Have I missed something?
> ...
>
> Perhaps all on that IRQ. But you didn't really need to service the SCSI
> controller or the other network interfaces, did you?
:) Think of the cache impact!
> > Has anyone done any serious work with NIC/CPU bonding?
>
> The Mindcraft "benchmark" is superficially obvious, but the big network
> difference was that they were apparently using the TCP/IP checksum hardware
> on the i82559. This has far more effect on SMP performance than anything
> else that was done. We didn't even find out that the chip had the feature
> until months later, and still don't have the documentation on how to use
> it.
Does it make that much difference? When we discussed this starting
April 24 the consensus seemed to be that the overhead of s/w
checksumming is in the noise floor when combined with the copy.

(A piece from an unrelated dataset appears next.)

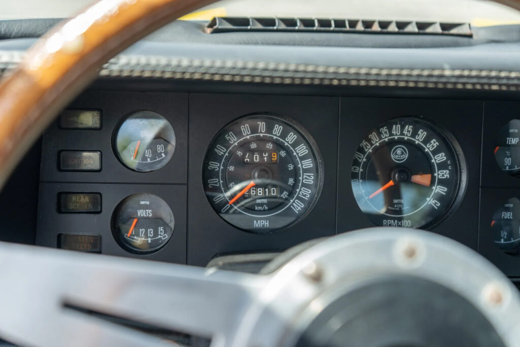 Released in 1975, the Éclat utilised the now familiar steel backbone chassis with a glass reinforced composite bodywork. In-house designer Oliver Winterbottom sketched a brand-new shape for the Éclat, extending the Elite Type 75’s angular profile that he had previously penned into a novel fastback coupe.

Anyway, I have religious objections to hardware IP checksums.
I've seen several instances where they would have failed to detect
errors which software checksumming would detect:
- cs89x0 with Rx DMA on a too-fast EISA bus was dropping bits when
DMAing into main memory. If the checksum had been calculated on the
NIC, it would have said "OK", while the in-memory packet was corrupted.
- 3c59x bug (I forget what is was, but DMA ponters were getting changed
at the wrong time) causing in-memory corruption. Again, the NIC would
have told us it was OK.
Layer 3 checksums are there to detect layer 3 errors. Ergo, they should
be put at the top of layer 3, not at the top of L2.